Data extracted from a collection
---

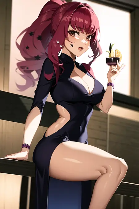 Yunaka is a bit of a challenge due to the stars on her face and in her hair. I've noticed strengths 0.7-0.8 are good for catching her likeness with limited success on the stars. 0.9+ seems to do a good job at both with the tradeoff of more difficulty changing hair/outfits.
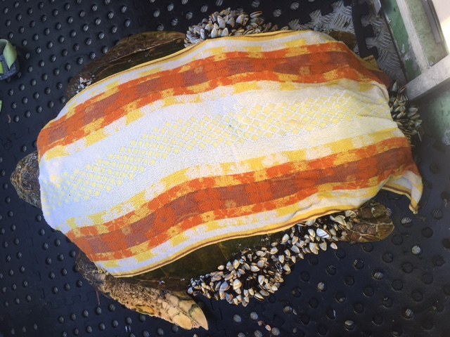 Забота о морской черепахе, а именно избавление ее тела от ракушек, лечение, адаптационный период, осуществлялась силами работников Программы морской охраны (МСР). За счет этой Программы черепаху полностью обследовали, в том числе проведена рентгеноскопия, чтобы убедиться в том, что атака ракушек — это единственная проблема животного, и оно не съело никакого мусора.
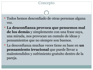 El documento habla sobre la desconfianza en las relaciones. Explica que la desconfianza provoca pensamientos negativos sobre los demás y puede llevar a malentendidos. Las personas desconfiadas tienden a contraatacar con rapidez, sospechar en exceso y distanciarse de forma hostil. También son reacias a confiar en los demás por temor a que su información sea usada en su contra. La confianza es importante en las relaciones humanas y su ausencia puede deberse a experiencias negativas previas.
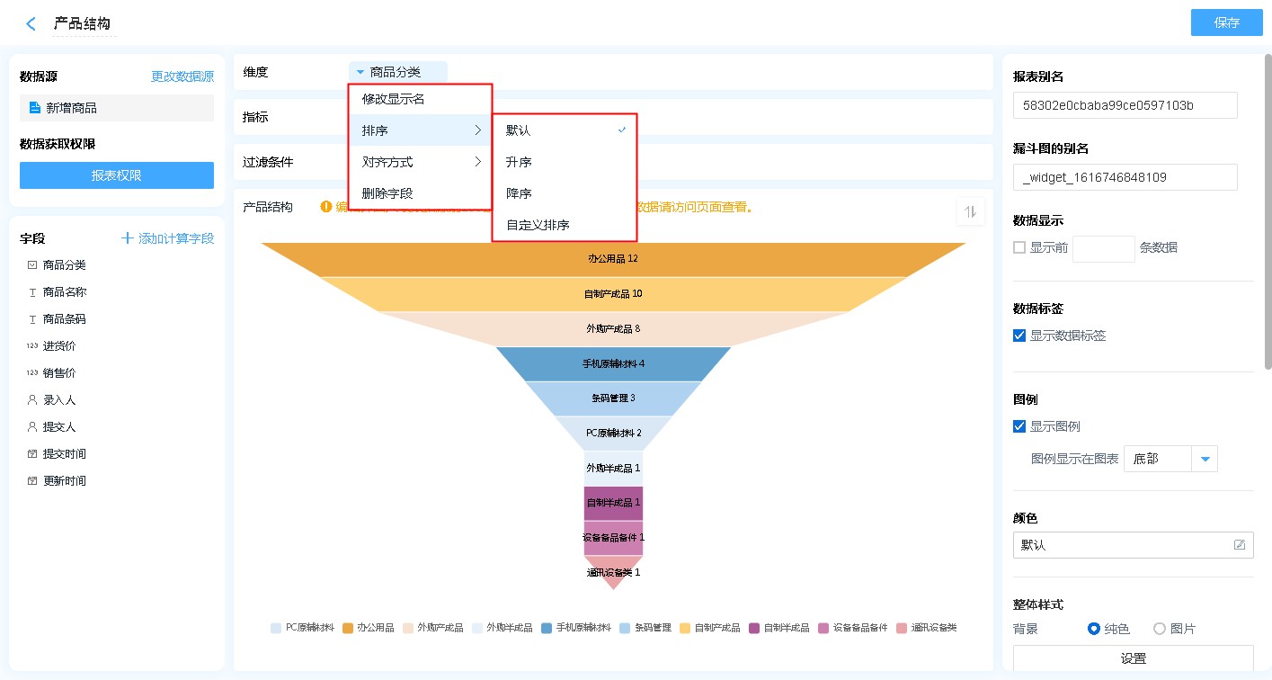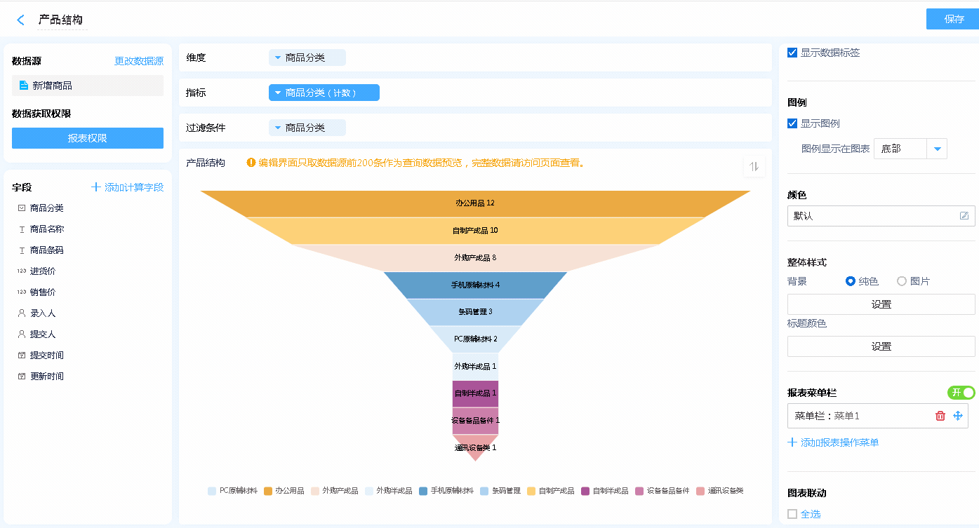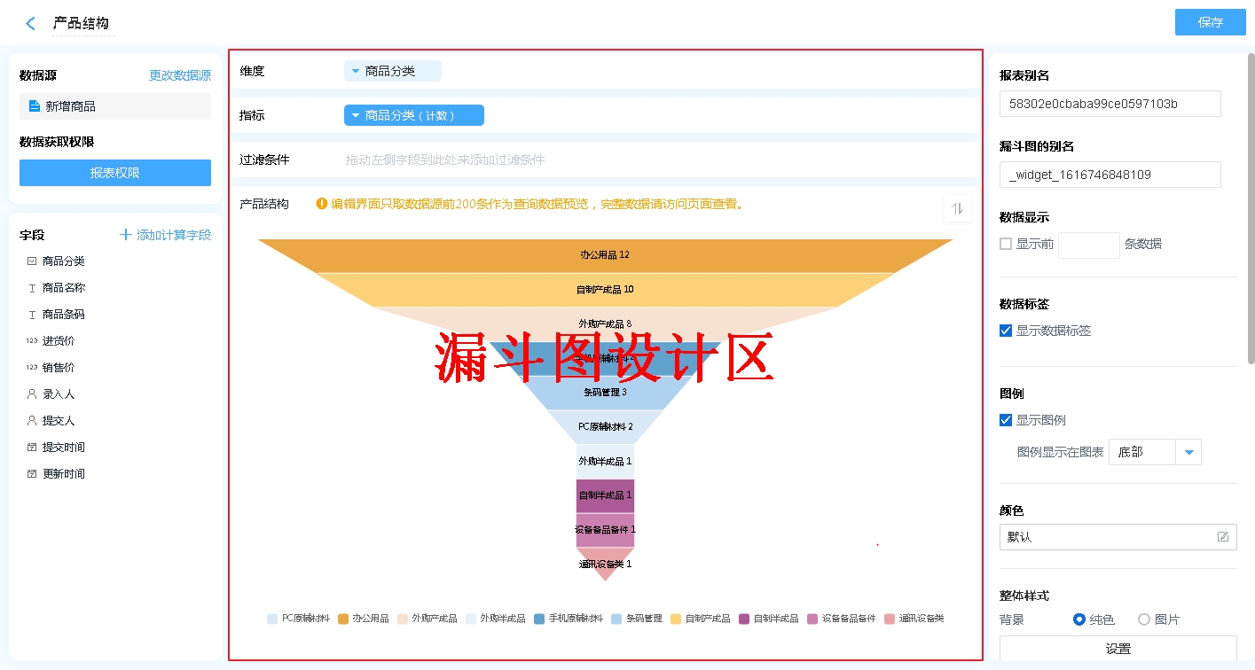漏斗图适合有先后顺序的数据,由大到小,逐级减少的场景,如:客户转化率、产品结构等,如:进销存系统中,商品分析报表中就利用漏斗图实现的产品结构图,方便管理者了解当前产品结构。
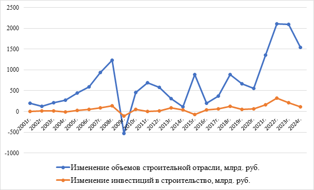 Ниже на рис. 3 показана динамика изменений в абсолютном выражении двух показателей: объема производства в строительной отрасли и инвестиций в эту сферу.
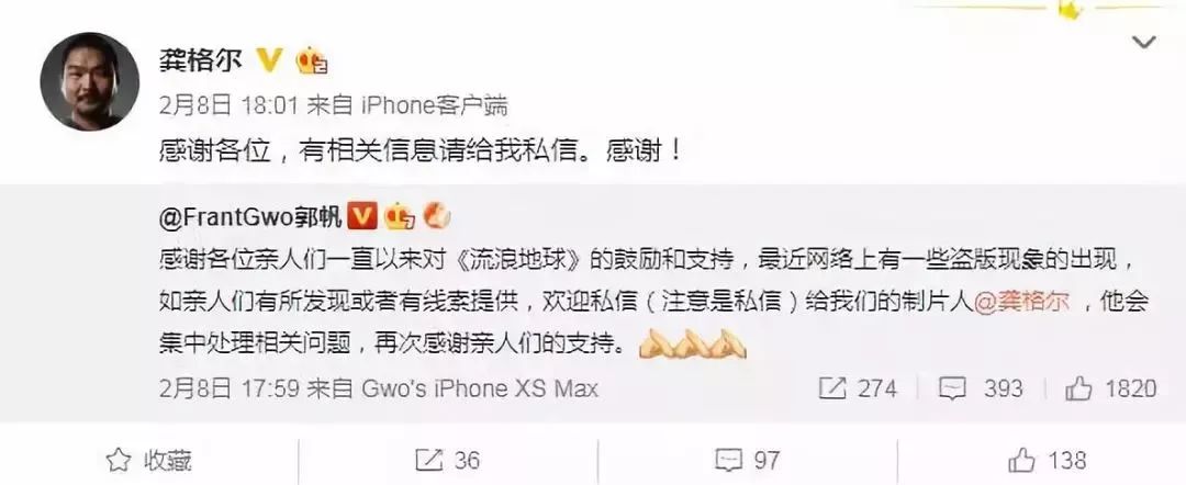 早在两天前,各大片方就已经发现了这次盗版的情况,开始着手处理,并已于8日向电影局反映此事。《流浪地球》导演郭帆及制片人龚格尔也在8日发布微博,呼吁网友举报盗版。
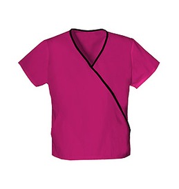 Ladies Mini Mock Wrap Top. Size: XS. Color: Raspberry. Mini mock wrap top with contrast binding. Two side angled hidden pockets. Center back length: 23.5". Poly/Cotton with soil release.
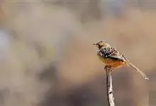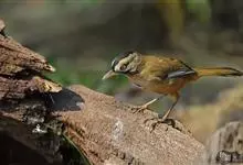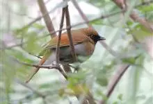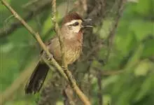 白颊噪鹛是雀形目噪鹛科噪鹛属鸟类,又称土画眉、小画眉、小噪鹃。成鸟额至头顶栗褐色,长眉纹、眼先和颊纹棕白色,眼后至耳羽深褐色,…全部>>

---

### Work to be completed
Return verbatim every line from the line containing "El documento habla" to the last line of the entries above, inclusive, and leave out the pictures.

### Solution
 El documento habla sobre la desconfianza en las relaciones. Explica que la desconfianza provoca pensamientos negativos sobre los demás y puede llevar a malentendidos. Las personas desconfiadas tienden a contraatacar con rapidez, sospechar en exceso y distanciarse de forma hostil. También son reacias a confiar en los demás por temor a que su información sea usada en su contra. La confianza es importante en las relaciones humanas y su ausencia puede deberse a experiencias negativas previas.
漏斗图适合有先后顺序的数据,由大到小,逐级减少的场景,如:客户转化率、产品结构等,如:进销存系统中,商品分析报表中就利用漏斗图实现的产品结构图,方便管理者了解当前产品结构。
 Ниже на рис. 3 показана динамика изменений в абсолютном выражении двух показателей: объема производства в строительной отрасли и инвестиций в эту сферу.
 早在两天前,各大片方就已经发现了这次盗版的情况,开始着手处理,并已于8日向电影局反映此事。《流浪地球》导演郭帆及制片人龚格尔也在8日发布微博,呼吁网友举报盗版。
 Ladies Mini Mock Wrap Top. Size: XS. Color: Raspberry. Mini mock wrap top with contrast binding. Two side angled hidden pockets. Center back length: 23.5". Poly/Cotton with soil release.
 白颊噪鹛是雀形目噪鹛科噪鹛属鸟类,又称土画眉、小画眉、小噪鹃。成鸟额至头顶栗褐色,长眉纹、眼先和颊纹棕白色,眼后至耳羽深褐色,…全部>>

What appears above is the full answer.